- [The problem]
Copy each line of the entries that includes the word "Кларк".

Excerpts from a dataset
○ ○ ○ ○ ○ ○ ○
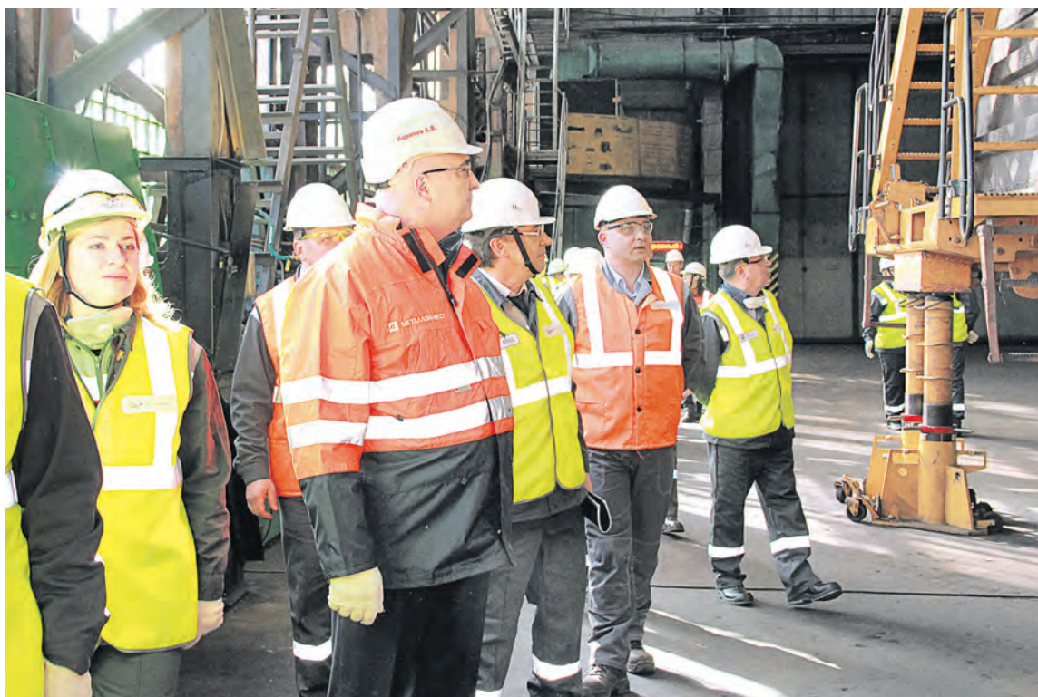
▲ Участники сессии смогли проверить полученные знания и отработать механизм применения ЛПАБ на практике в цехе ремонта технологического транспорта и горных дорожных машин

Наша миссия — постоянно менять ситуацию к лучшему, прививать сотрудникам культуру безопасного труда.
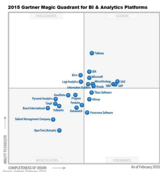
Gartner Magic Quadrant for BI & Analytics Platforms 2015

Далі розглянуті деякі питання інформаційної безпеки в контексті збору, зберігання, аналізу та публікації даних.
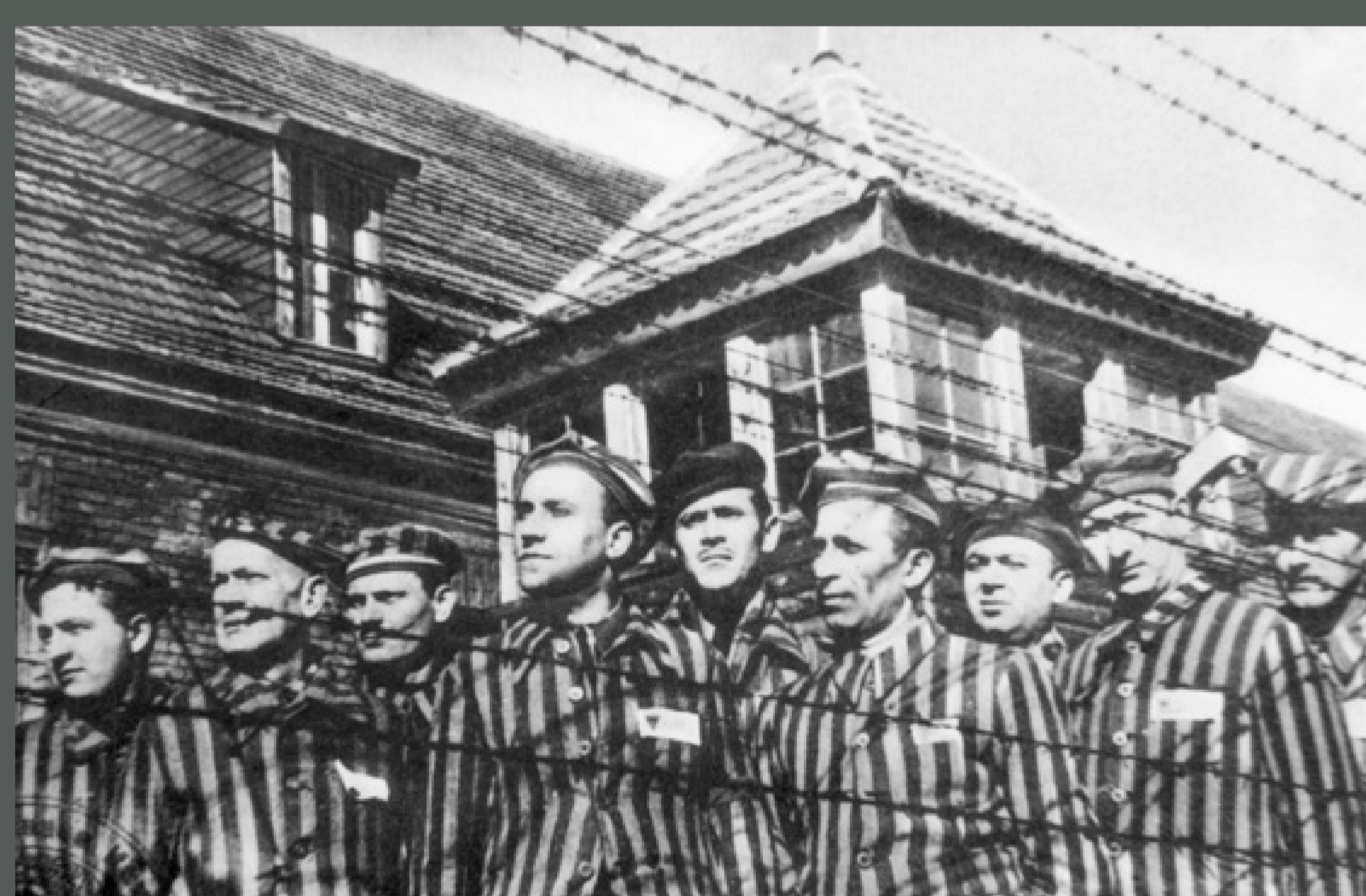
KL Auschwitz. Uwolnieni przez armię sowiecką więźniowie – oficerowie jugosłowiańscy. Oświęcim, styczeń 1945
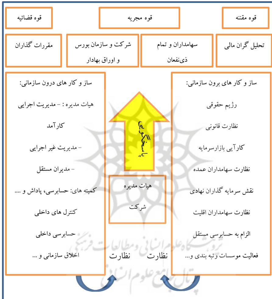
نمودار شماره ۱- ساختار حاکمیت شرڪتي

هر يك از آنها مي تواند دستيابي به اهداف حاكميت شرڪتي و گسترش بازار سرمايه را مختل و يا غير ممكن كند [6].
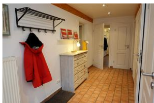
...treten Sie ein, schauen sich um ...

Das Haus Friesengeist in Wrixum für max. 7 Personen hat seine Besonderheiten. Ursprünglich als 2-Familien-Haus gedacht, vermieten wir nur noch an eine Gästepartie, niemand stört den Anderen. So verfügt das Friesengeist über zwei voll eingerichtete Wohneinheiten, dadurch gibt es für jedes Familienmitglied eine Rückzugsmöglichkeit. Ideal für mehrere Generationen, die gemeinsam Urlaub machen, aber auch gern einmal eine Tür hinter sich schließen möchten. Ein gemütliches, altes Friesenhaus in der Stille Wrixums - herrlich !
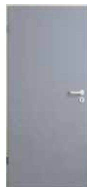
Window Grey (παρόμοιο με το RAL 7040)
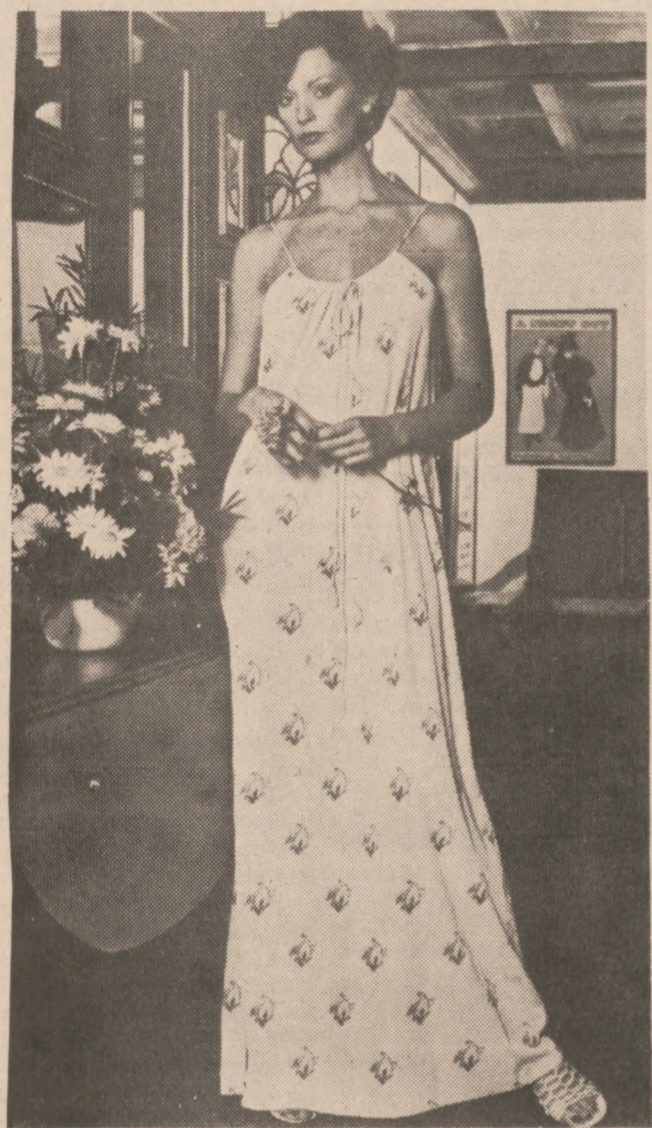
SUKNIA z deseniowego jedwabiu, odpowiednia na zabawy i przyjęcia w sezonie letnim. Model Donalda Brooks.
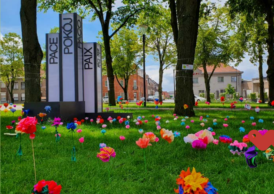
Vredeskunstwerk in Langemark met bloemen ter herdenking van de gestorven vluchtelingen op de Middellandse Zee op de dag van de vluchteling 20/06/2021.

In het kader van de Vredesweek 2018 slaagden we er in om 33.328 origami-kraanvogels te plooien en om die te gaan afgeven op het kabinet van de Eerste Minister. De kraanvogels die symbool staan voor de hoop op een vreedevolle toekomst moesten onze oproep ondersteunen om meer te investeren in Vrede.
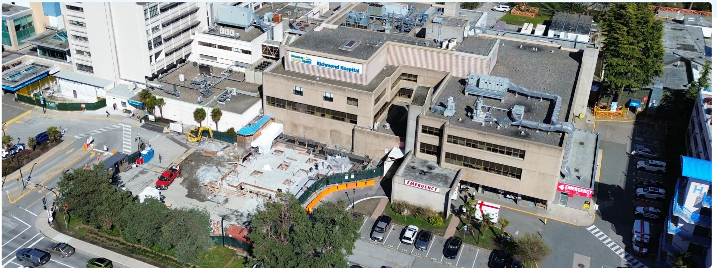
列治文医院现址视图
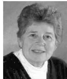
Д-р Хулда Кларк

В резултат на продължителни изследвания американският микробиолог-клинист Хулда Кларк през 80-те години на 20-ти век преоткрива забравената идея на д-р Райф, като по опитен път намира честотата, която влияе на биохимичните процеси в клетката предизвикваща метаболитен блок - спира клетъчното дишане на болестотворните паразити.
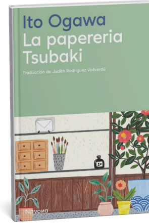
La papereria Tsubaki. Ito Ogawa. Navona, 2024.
○ ○ ○ ○ ○ ○ ○
- [Result of the task]
Д-р Хулда Кларк
В резултат на продължителни изследвания американският микробиолог-клинист Хулда Кларк през 80-те години на 20-ти век преоткрива забравената идея на д-р Райф, като по опитен път намира честотата, която влияе на биохимичните процеси в клетката предизвикваща метаболитен блок - спира клетъчното дишане на болестотворните паразити.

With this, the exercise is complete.